Il gagne peu : les fruits et légumes frais, qui continuent de respirer et s’asphyxient dans le sachet. Les champignons, qui transpirent et se noient. Les salades, qui s’écrasent.
Il ne faut pas : les fromages à pâte molle en cours d’affinage — l’affinage est un travail de moisissures aérobies, qu’on arrête. Les préparations à l’ail cru sous huile, cas classique de botulisme. Les légumes crus mal lavés, qui portent la terre où vit le botulique.
Le tableau, avec ses conditions
Ces durées supposent un réfrigérateur à 3-4 °C et un produit mis sous vide frais, le jour de l’achat. Le vide ne rattrape rien : il prolonge l’état dans lequel on l’a scellé.
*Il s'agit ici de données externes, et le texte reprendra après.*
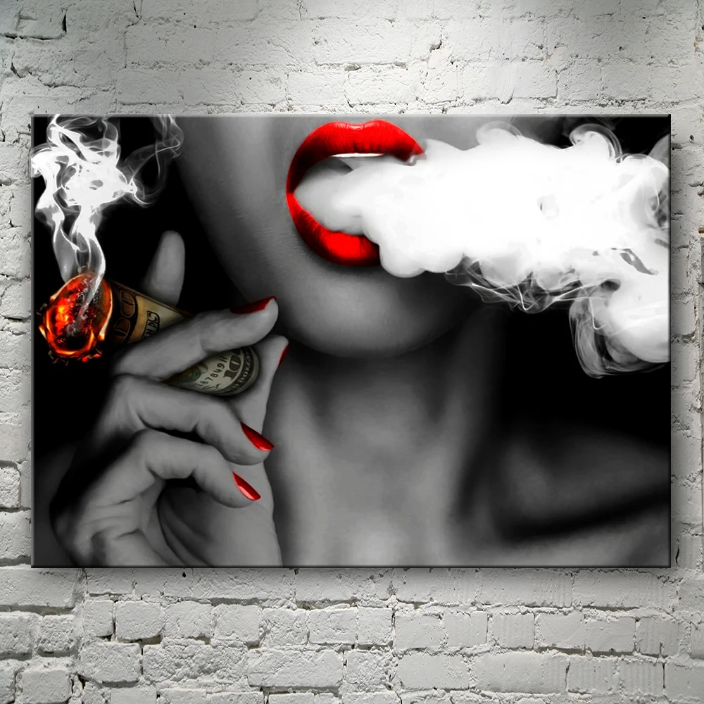 Настенная живопись на холсте, граффити, доллар США, деньги, облака, девушка, сексуальные губы, абстрактный плакат, картины, украшение для дома, гостиной
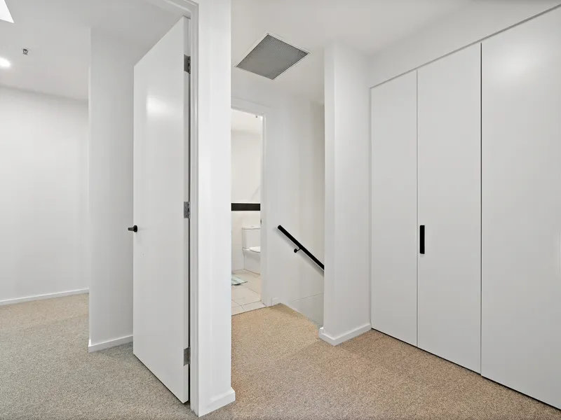 From the moment you step inside, the soaring ceilings, engineered timber flooring, and striking staircase set the tone for refined living. The expansive open-plan layout effortlessly flows onto a generous balcony, capturing breathtaking views across Woden Valley and beyond. The designer kitchen stands as the heart of the home, showcasing Caesarstone benches, a chic brick splashback, and premium SMEG appliances all tailored for those who appreciate the finer things.
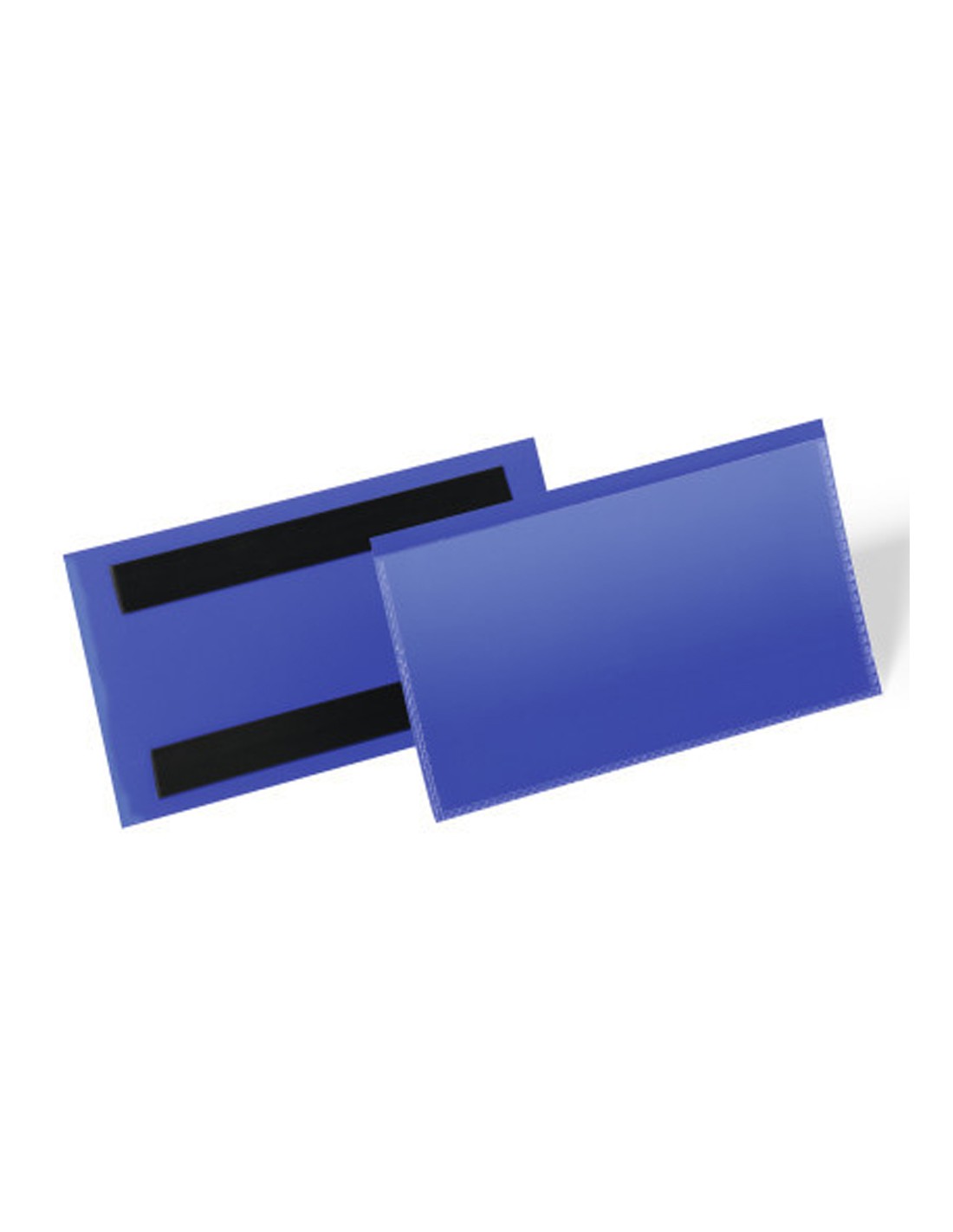 Funda magnética. Fabricada en plástico azul en la parte posterior y ventanilla transparente delantera de polipropileno resistente. Fuerte sujeción gracias a las dos tiras magnéticas. Uso en superficies metálicas, como estanterías de almacenes y contenedores metálicos. Fácil intercambio de etiquetas. Color azul oscuro. El pack de 50 unidades.
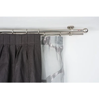 InCasa Curtain Double Pole: 20 mm, Length 140 cm, with Tappo Chic Satin Steel Complete, Stainless, Grey
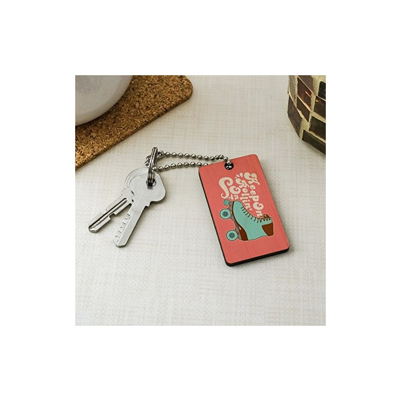 GRAPHICS & MORE Roller Skates Derby Keep On Rolling Skating Wood Wooden Rectangle Keychain Key Ring
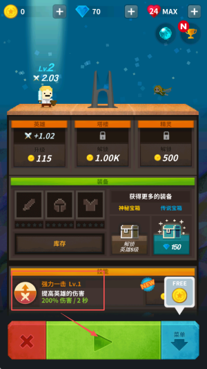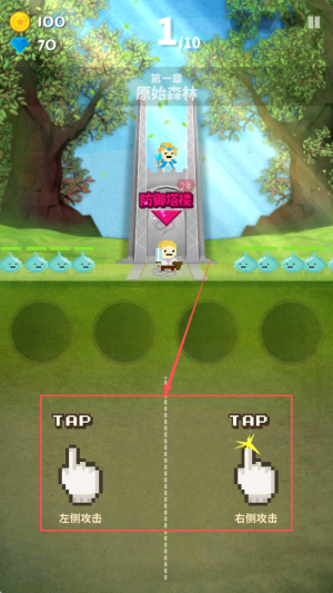 1、操控勇士开启闯关,通过连续点击屏幕击杀城堡中的怪兽,突破恶龙手下的层层阻拦,向恶龙核心推进。
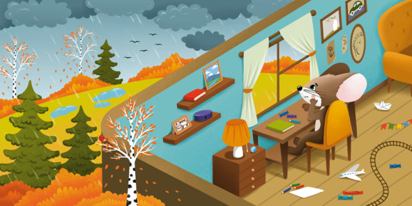 Небольшое оконце комнаты мышонка, было плотно закрыто. Занавески же наоборот- одернуты до предела, как будто бы для того, чтобы пригласить в гости, редкое, осеннее солнышко.
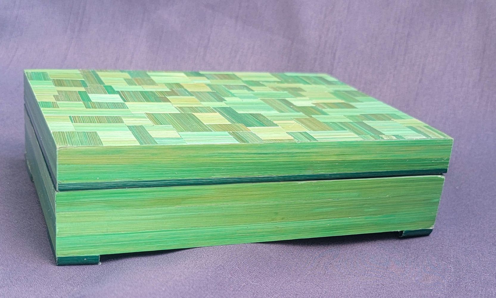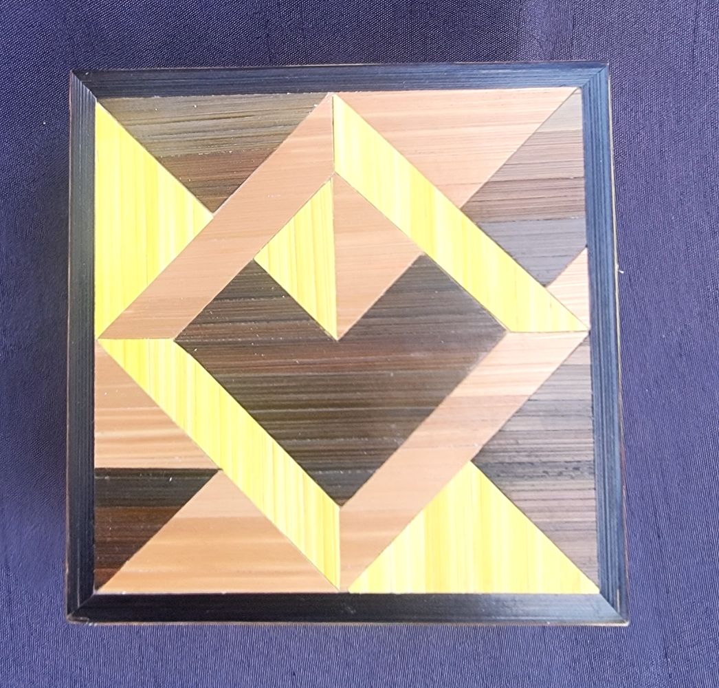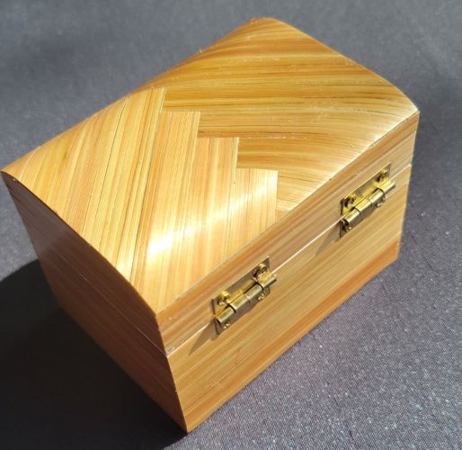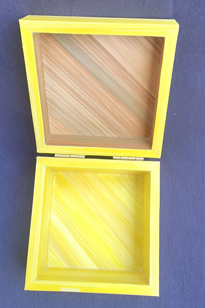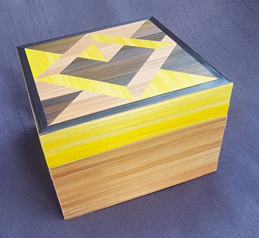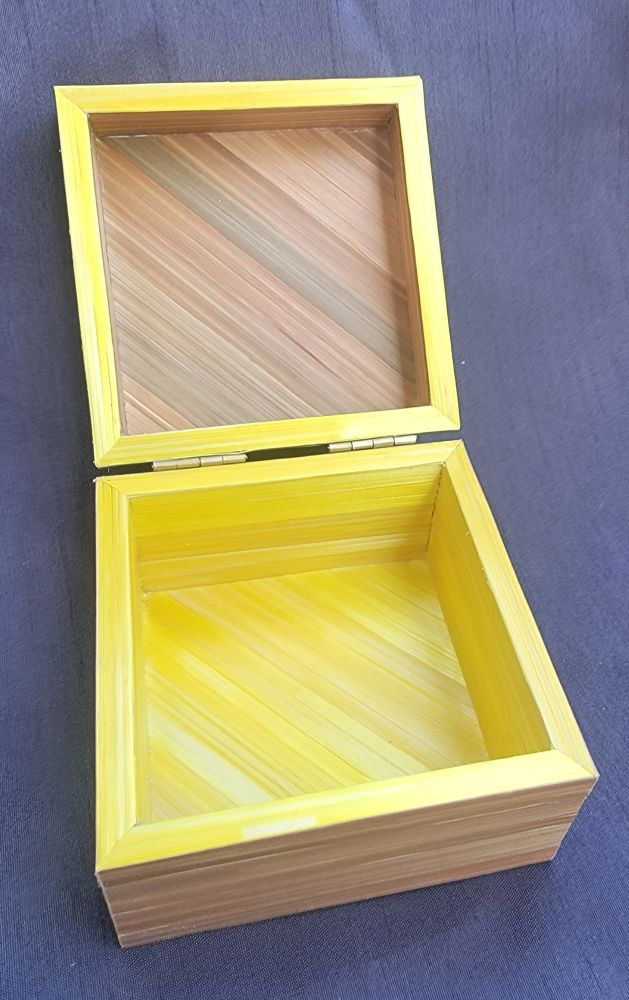 Petite boîte recouverte de marqueterie de rubans cuivré avec un bandeau de dégradé de jaune. Boîte pixélisée.
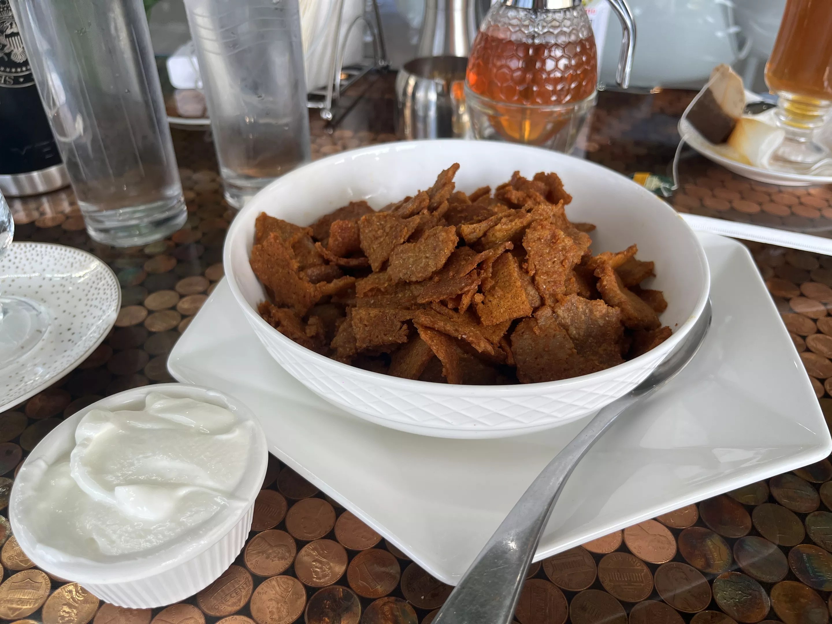 The breakfast Kitcha Fit Fit, along with a side of yogurt.

| Produit | À l’air, au froid | Sous vide, au froid |
|---|---|---|
| Viande rouge crue, pièce entière | 3 à 4 jours | 8 à 10 jours |
| Viande hachée | le jour même | 2 jours |
| Volaille crue | 2 jours | 5 à 6 jours |
| Poisson frais | 1 à 2 jours | 4 à 5 jours |
| Charcuterie tranchée | 3 jours | 12 à 15 jours |
| Fromage à pâte dure | 15 jours | 40 à 60 jours |
| Plat cuisiné refroidi | 3 jours | 8 à 10 jours |
| Café en grains | 1 mois | 6 mois |
La viande hachée mérite qu’on s’y arrête : elle reste à deux jours, alors que la pièce entière triple. Le hachage a réparti dans toute la masse ce qui n’était qu’en surface, et le vide n’y change rien. C’est le rappel le plus utile de ce tableau : le sous vide multiplie ce qu’on lui donne, il ne le corrige pas.
Congeler sous vide
C’est le seul emploi où le sous vide n’a aucun inconvénient. Il supprime le contact avec l’air, donc la brûlure de congélation — ces zones grises et sèches où l’eau a migré hors des tissus.
Un produit congelé sous vide garde sa qualité deux à trois fois plus longtemps qu’en sachet ordinaire. Les durées de sécurité, elles, ne changent pas : à −18 °C, rien ne se multiplie, avec ou sans air.
En résumé
Le sous vide est un excellent outil contre l’oxydation, un outil correct contre les microbes aérobies, et aucune protection contre les anaérobies. Il prolonge le froid, il ne le remplace pas, et il ne rattrape jamais un produit qui n’était pas frais au moment du scellage.